Si propongono soluzione attraenti, si descrive una realtà alterata in cui le regole possono essere aggirate e in cui il governo, come un buon padre di famiglia, si occuperà dei figli cittadini, restituendo loro il mal tolto. Questa visione distorta, fondata su messaggi spesso falsi, impedisce che emerga una responsabilità pubblica collettiva. Il risultato è un’assenza di senso delle istituzioni.
Oggi, più che mai, l’antidoto contro queste dannose spinte sarebbe il rilancio dell’educazione intesa anche come capacità critica nei confronti della politica e della società. Un’educazione per la politica e alla politica. Un’educazione che restituisca ai cittadini la capacità di comprendere, approfondire, valutare, sentire, scegliere, decidere.
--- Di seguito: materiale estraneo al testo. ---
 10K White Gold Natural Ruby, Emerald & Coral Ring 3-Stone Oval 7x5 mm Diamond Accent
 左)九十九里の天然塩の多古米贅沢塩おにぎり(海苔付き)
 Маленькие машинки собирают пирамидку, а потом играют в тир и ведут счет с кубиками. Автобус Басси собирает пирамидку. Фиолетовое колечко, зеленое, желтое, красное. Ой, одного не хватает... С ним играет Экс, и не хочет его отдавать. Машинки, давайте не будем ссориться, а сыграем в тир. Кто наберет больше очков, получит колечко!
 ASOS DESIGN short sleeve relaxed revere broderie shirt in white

Tutti gli studi dimostrano che alle radici del populismo c’è un drammatico deficit di istruzione. La stagione politica 2016-2017 con la Brexit, l’elezione di Trump, il referendum turco, il duello tra Macron e la Le Pen, ha indicato in tutta la sua evidenza che oggi la frattura è tra laureati e non laureati, centri urbani e periferie.
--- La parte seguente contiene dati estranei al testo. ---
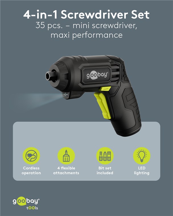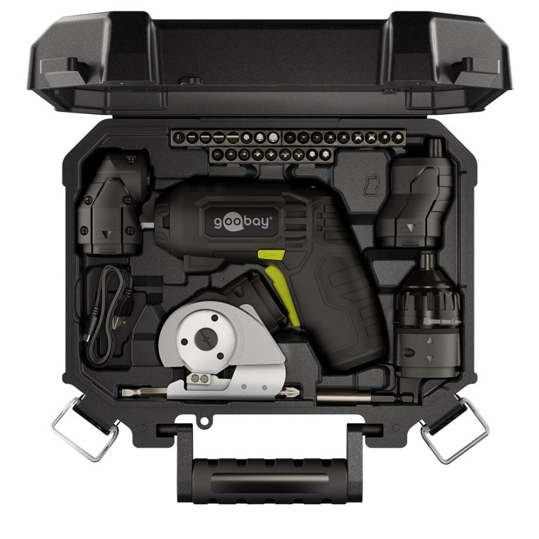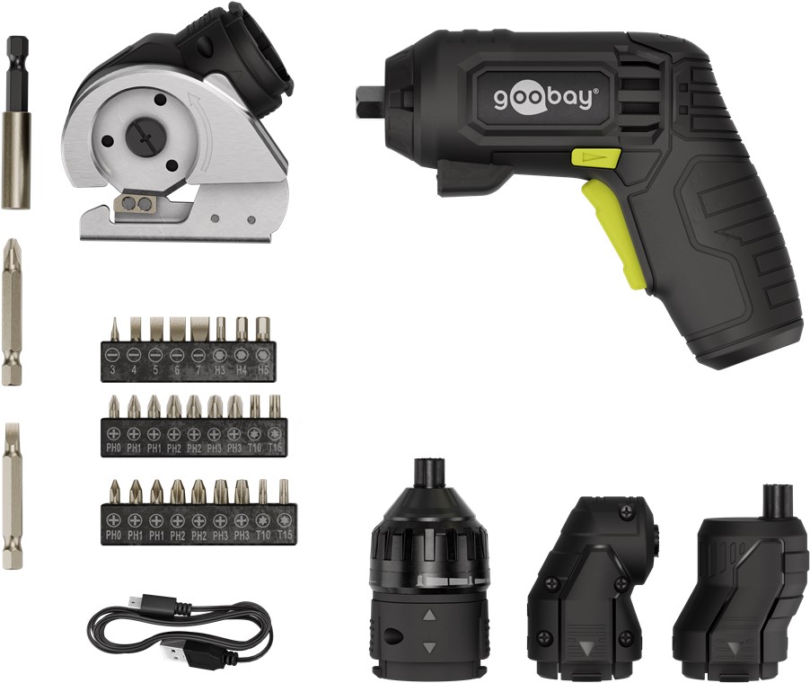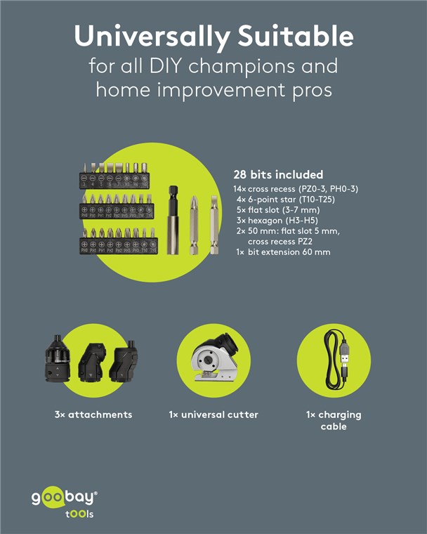 27 bits, 4 different attachments, bit extension, charging cable USB-A to USB-Câ„¢, Cordless screwdriver, storage box

Quando si citano questi dati, le reazioni sono ostili e si riassumono nel timore che le élite tolgano il voto al popolo. Paura espressa in un tono rabbioso e sprezzante, financo violento. Se la politica fosse razionale oggi si impegnerebbe per colmare questo divario, prima che il fossato dell’odio e del rancore diventi troppo largo per essere colmato.
Si impegnerebbe per rimettere al centro della sua agenda istruzione ed educazione, diffondendo nelle periferie servizi, infrastrutture, rete, cultura. Solo istruzione e conoscenza possono indicare la strada e salvare la democrazia dall’ideologia populista.
Perché è del tutto evidente che se le scelte delle persone nascono da informazioni scorrete e mendaci, basate su pregiudizi, slogan e bugie, la democrazia perde la sua forza e si trasforma in un sistema inefficace. Se l’educazione smarrisce il suo senso e il suo valore, la democrazia diventa un sistema di governo che è tale solo sulla carta.
La sua qualità passa attraverso l’educazione come strumento di rinascita della coscienza civile, dell’umanesimo sociale e dell’etica politica contro il trionfo del pensiero unico manipolato da una comunicazione distorta e aggressiva che trasforma i cittadini in sudditi.
In questo senso, diventa di fondamentale importanza anche ripensare in termini etici la politica e ridare senso e valore all’educazione come unico strumento per favorire il cambiamento e promuovere l’emancipazione.
Altrimenti siamo destinati a una deriva in cui la mancanza di coscienza critica aumenterà il culto del potente di turno e la più devastante demagogia.